Advocates for ideas and draws conclusions based on the interpretation of facts and data.
'Twas Christmas Eve day and all through the house,
Every creature was stirring, with nary a grouse.
Twelve vintage stockings, very askew,
Had entered the scene, exactly on cue.
Kids acted like angels, their halos in place;
Mom thought they had come from a planet in space.
They had already showered and hung up their towels,
Christmas had silenced the howels and the yowels.
Upstairs in each room, she found neatly made beds,
More proof of the visions that danced in their heads.
But her gloat was disturbed by a sound on the roof;
She'd had nothing to drink, but was that a hoof?
Then out on the lawn, there arose such a clatter,
She ran with the kids to see what was the matter,
And what to their wondering eyes should appear,
But a blinking red light and nine lively reindeer.
Dad appeared, too, his hair all disheveled,
He looked like a man who'd just seen the devil.
"It's Santa for real, and it's not even night,
"I must be having a stroke, or a terrible fright.
"Claus is right in the kitchen all sooty and trembling,
"You have to go look, I'm not dissembling."
Mom points to the reindeer who stand on the lawn,
"You're not having a stroke, just look hither and yon,
"We have dear old Rudolph and his full gang of eight,
"You are okay, my dear, you're seeing quite straight."
Now Santa emerged, all streaked with dark soot,
Holding a cellphone he pulled from his boot,
"To heck with the tech, it's a GPS nightmare,
"Turn after turn, and ending up nowhere.
"Not that you're nowhere,
Sorry 'bout that.

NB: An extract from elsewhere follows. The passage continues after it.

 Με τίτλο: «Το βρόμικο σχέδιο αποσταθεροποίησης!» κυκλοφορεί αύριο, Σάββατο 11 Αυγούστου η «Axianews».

But guess what? I'm here,
And you're nicest of nice on our wonderful sphere.
Laying a finger aside of his nose,
He explained many things that nobody knows
The people who live in an uninformed nation
So attached to a pile of misinformation.
He'd applied for a grant for a new guidance set-up,
But Mister Non-elected brought a fancy new get-up.

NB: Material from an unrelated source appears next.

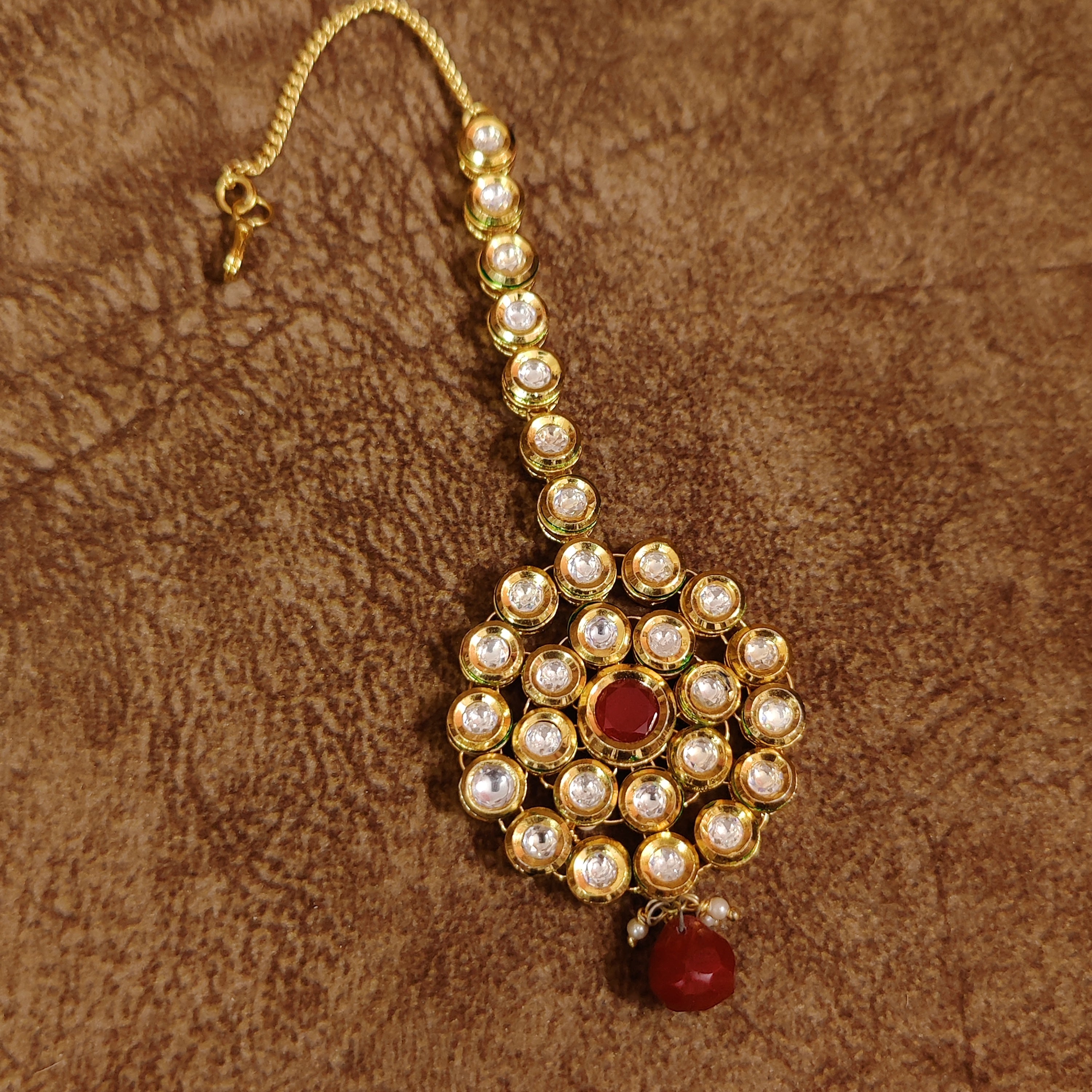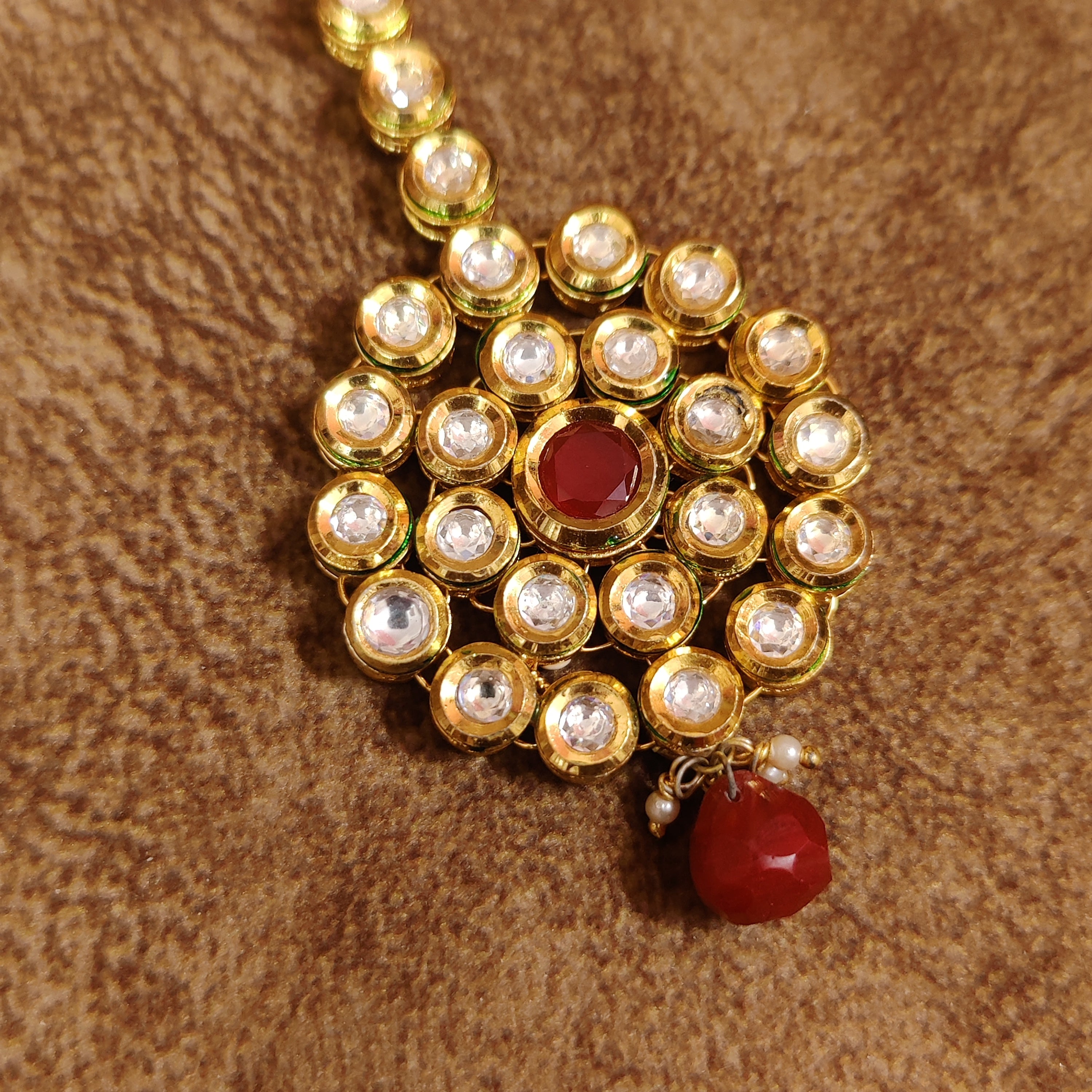 RUBY KUNDAN MEENAKARI WEDDING MAANG TIKKA

Saying Claus was a myth and deserved no grant money.
He talked about cuts, about saving and ceilings,
As if dear old Santa didn't have feelings.
He'd whack Medicare payments for all senior elves,
Saying those weirdos could shift for themselves.
"I sent an email to explain Xmas tradition
"That my vehicle would go without an ignition."
He turned to the kids, now agape and agog,
Said his naughty/ nice list was on Santa.org.
"The nicest ones know to live is to give
"The grabbers and takers, I can't forgive.
"You can't take for granted your supper and lunch,
"When so many kids have so little to munch.
"Wildfires and earthquakes, famine and flood
"Climate change sucks up the planet's life blood.
"So gather your pennies, your quarters and dimes,
"And help folks enduring the worst of their times."
Told them they now knew that Santa was real,
Not lying or conspiring, just a good deal,
Was taking some pills to get rid of his belly,
Said he'd back for rye toast without any jelly.
He unrolled his old maps from the back of the sleigh
Perfectly drafted by humans at the old triple A,
And said they'd be best for finding his way.
Then quick as a wink, so light on his feet,
He leaped straight in the air and sat on his seat.
He spoke to the deer, to the father called out,
"Clean up your chimney, you old layabout!"
So, Dasher and Dancer and Mary Jane Vixen,
Comet and Cupid and the graying Wolf Blitzen,
Flew over the porch and over the wall,
And heard the family call out, "Merry Christmas to all."